Within less than two years, all insurance companies in the EU and their ICT suppliers have to respect detailed rules on how to deal with all kinds of ICT-related disruptions and threats, including cyber attacks. The EU watchdog for the insurance sector EIOPA is currently developing technical standards to implement DORA, the Digital Operational Resilience Act, which was published end 2022 and shall apply from January 2025.

DORA is about security and IT risk management but is also about promoting technological advances. For a couple of years, the EU institutions are working on a broad digital finance package, which has exactly those two goals: fostering operational resilience while ensuring financial stability and consumer protection.

Of course, companies have been working on their security for years now, but DORA takes this a step further for the whole financial sector: banks, insurance companies, payment institutions, investment firms, etc. They all have to be able to stay resilient through a severe operational disruption.

As an EU regulation, DORA is an obligation for all European financial companies and their ICT providers since the beginning of 2023. Member states are in the course of transposing it into national law and the European Supervisory Authorities (ESAs) are drafting the technical standards. For the insurance sector, this is done by EIOPA, the European Insurance and Occupational Pensions Authority. As of early 2025, all insurance companies will have to make sure their IT framework and governance respects those uniform requirements.

The DORA framework consists roughly of five parts or pillars: an ICT risk management framework, ICT-related incident management, classification and reporting, Digital operational resilience testing, Third-party risk management and cyber threat intelligence, and Information sharing.

  • ICT risk management: introduces enhanced requirements to have in place a sound and comprehensive internal governance and control framework for the identification and management of ICT related risks .
  • Incident classification and reporting: insurance companies need to have systems to monitor and identify ICT incidents and report them to competent authorities.
  • Digital operational resilience testing: requirements on analysing vulnerabilities and network security, on gap analysis and on the testing of software solutions.
  • Third-party risk management: DORA doesn’t only apply to financial institutions, but also to all their suppliers of ICT including cloud service providers.
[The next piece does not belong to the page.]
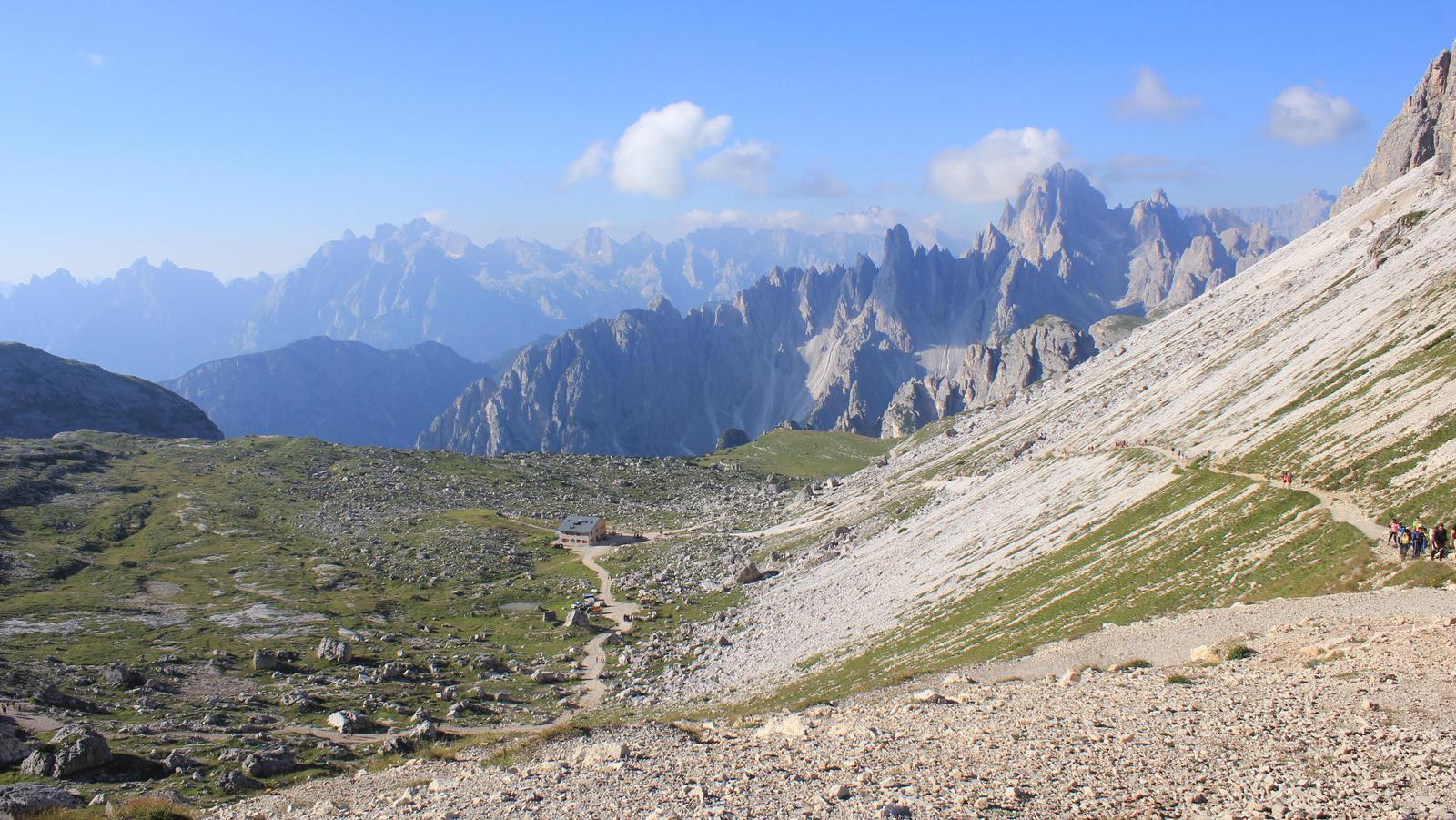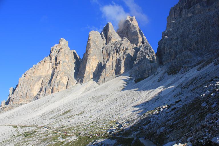 Nous commençons à marcher à 7h30. Nous passons devant le refuge Auronzo puis suivons un large chemin tracé dans les éboulis de la face sud des Tre Cime.

The relevant watchdog of the sector will have the authority to request information, carry out inspections and even impose sanctions. Financial institutions will also have to analyze and minimize the potential risks related to their external providers.
  • Sharing of information: financial companies are encouraged to share all information on cyber security with companies in other countries.

It’s clear that DORA consists of numerous binding obligations and will require considerable transformations in ICT. So, although the regulatory and implementing standards still have to be written, companies shouldn’t lose time. To be ready by the beginning of 2025, the implementation of the framework should start today.